In medical image analysis, the demand for interpretable deep neural networks is rapidly growing. However, a major challenge is that most existing interpretative methods are applied after training, leading to a lack of integration with the model’s learning process. As a result, these methods often fail to highlight regions within complex medical images critical for decision-making, such as abnormal tissues or lesions, which are essential for accurate diagnoses and treatment planning. This paper introduces Guided Visual Interpretation (GVI), a framework designed to enhance both the performance and interpretability of deep networks. Building on a deep network model with image-level labels, GVI incorporates a small amount of pixel-level annotations combined with attention mechanisms. These mechanisms facilitate visual interpretation through forward propagation, directing the model’s focus to the most relevant regions. By aligning the network’s decision-making with human cognitive processes, GVI improves interpretability. In our study, an attention layer was added after the convolutional layers of a pre-trained classification network. GVI is trained using a mixed supervision approach that integrates pixel-level annotations with a large amount of image-level data. Experimental results on both private and public datasets show that GVI generates visual explanations consistent with human decision-making principles and achieves superior classification accuracy compared to traditional methods. These findings highlight GVI’s potential to improve interpretability and diagnostic performance in critical fields like medical imaging.

查看原文本刊更多论文

GVI：医学断层图像的可引导视觉解译，以提高深度网络的性能

在医学图像分析中，对可解释深度神经网络的需求正在迅速增长。然而，一个主要的挑战是，大多数现有的解释方法是在训练之后应用的，导致缺乏与模型学习过程的集成。因此，这些方法往往无法突出复杂医学图像中对决策至关重要的区域，例如异常组织或病变，而这些区域对于准确诊断和治疗计划至关重要。本文介绍了引导视觉解释（Guided Visual Interpretation， GVI），这是一个旨在提高深度网络性能和可解释性的框架。GVI基于图像级标签的深度网络模型，将少量像素级注释与注意机制相结合。这些机制通过前向传播促进视觉解释，将模型的焦点引导到最相关的区域。通过将网络的决策与人类认知过程结合起来，GVI提高了可解释性。在我们的研究中，在预训练的分类网络的卷积层之后添加了一个注意层。GVI使用混合监督方法进行训练，该方法将像素级注释与大量图像级数据集成在一起。在私有和公共数据集上的实验结果表明，GVI生成的视觉解释符合人类决策原则，并且与传统方法相比具有更高的分类精度。这些发现突出了GVI在医学成像等关键领域提高可解释性和诊断性能的潜力。

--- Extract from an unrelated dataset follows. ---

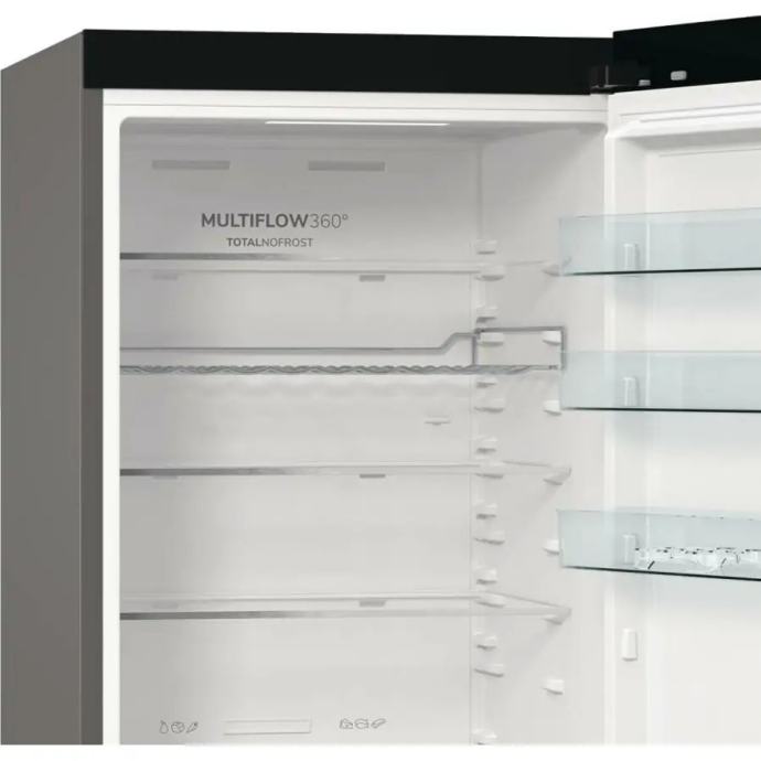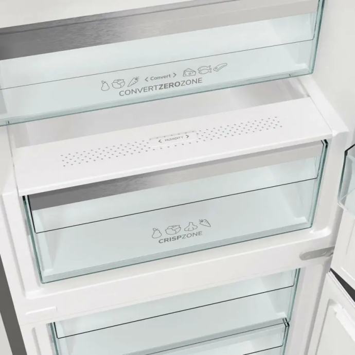 Gorenje hladnjak iz Apeksa odlikuju: Elegantan dizajn u crnoj boji koji se savršeno uklapa u suvremene kuhinje. S ukupnim kapacitetom od 413 litara (253 l hladnjak, 130 l zamrzivač), idealan je za veće obitelji. Staklene police koje su istovremeno čvrste i elegantne, s dodatkom praktične ladice za voće i povrće (CrispZone) koja čuva svježinu namirnica. Ventilacijski sustav MultiFlow 360° ravnomjerno raspoređuje zrak, održavajući optimalnu temperaturu i svježinu namirnica. NoFrost Plus tehnologija sprječava nakupljanje leda, eliminirajući potrebu za ručnim odleđivanjem. Funkcija FastFreeze zamrzava hranu na -24 °C kako bi se sačuvali minerali i kvaliteta namirnica. Energetski razred C i razina buke od 29 dB osiguravaju učinkovitu i tihu upotrebu.

本文章由计算机程序翻译，如有差异，请以英文原文为准。

求助全文

约1分钟内获得全文求助全文

来源期刊

Pattern Recognition Letters 工程技术-计算机：人工智能

CiteScore

12.40

自引率

5.90%

发文量

287

审稿时长

9.1 months

期刊介绍： Pattern Recognition Letters aims at rapid publication of concise articles of a broad interest in pattern recognition. Subject areas include all the current fields of interest represented by the Technical Committees of the International Association of Pattern Recognition, and other developing themes involving learning and recognition.